MSC tipped to be chasing Brazil’s Wilson Sons
Local media in Brazil is widely reporting that Mediterranean Shipping Co (MSC) is looking to buy out Wilson Sons, a well known port and maritime logistics firm with operations across Latin America’s largest country.
Last year, MSC, the world’s largest containerline, bought out Brazilian line Log-In Logistica, since when it has been adding more services to Latin America to the point whereby the Soren Toft-led line now has more capacity heading to South America than on the transpacific to North America, according to data from Alphaliner.
MSC officials have yet to comment on the $1bn Wilson Sons acquisition rumours.
Ocean Wilsons, the parent of Wilson Sons, released a statement last week in which it confirmed it was “considering all potential strategic options”, while claiming not to have received a “formal proposal” from a possible buyer for its 57% stake in Wilson Sons.
Wilson Sons is the largest integrated port and maritime logistics operator in the Brazilian market. The company operates the Tecon Rio Grande container terminal in Rio Grande, Rio Grande do Sul, and the Tecon Salvador container terminal in Salvador, Bahia and renders commercial representation on behalf of shipowners in the main ports of Brazil.

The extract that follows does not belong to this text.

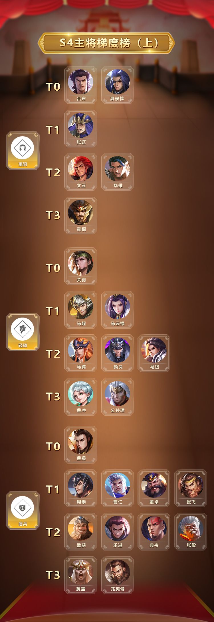 给大家来推荐一些适合推主线的武将~本攻略适合白嫖党观看,氪金党请注意避雷哦! 九州关卡(包括主线、战役)阵容多变,有的阵容有明显的破绽,轻骑绕后就能轻松取胜;有的阵容攻击极强,军师周瑜带着一众弓将火烧四方,必须有强力前排防守;有的阵容则是善于防守,一派盾将不易突破,必须重骑破阵。所以,我们的阵容也需要足够全面,前排要够多够硬,冲阵也要够快够猛! 而在六大兵种中,防御最强当属盾将,攻击最强、能破开敌

Wilson Sons operates one of the largest tugboat fleets in Latin America with over 70 vessels and has a platform supply vessel joint venture with Chilean group Ultramar. The company also provides integrated logistics solutions and at the shipyard in Guaruja, Sao Paulo, Wilson Sons builds and maintains its offshore and towage fleets, as well as offering small and medium vessel construction for third parties.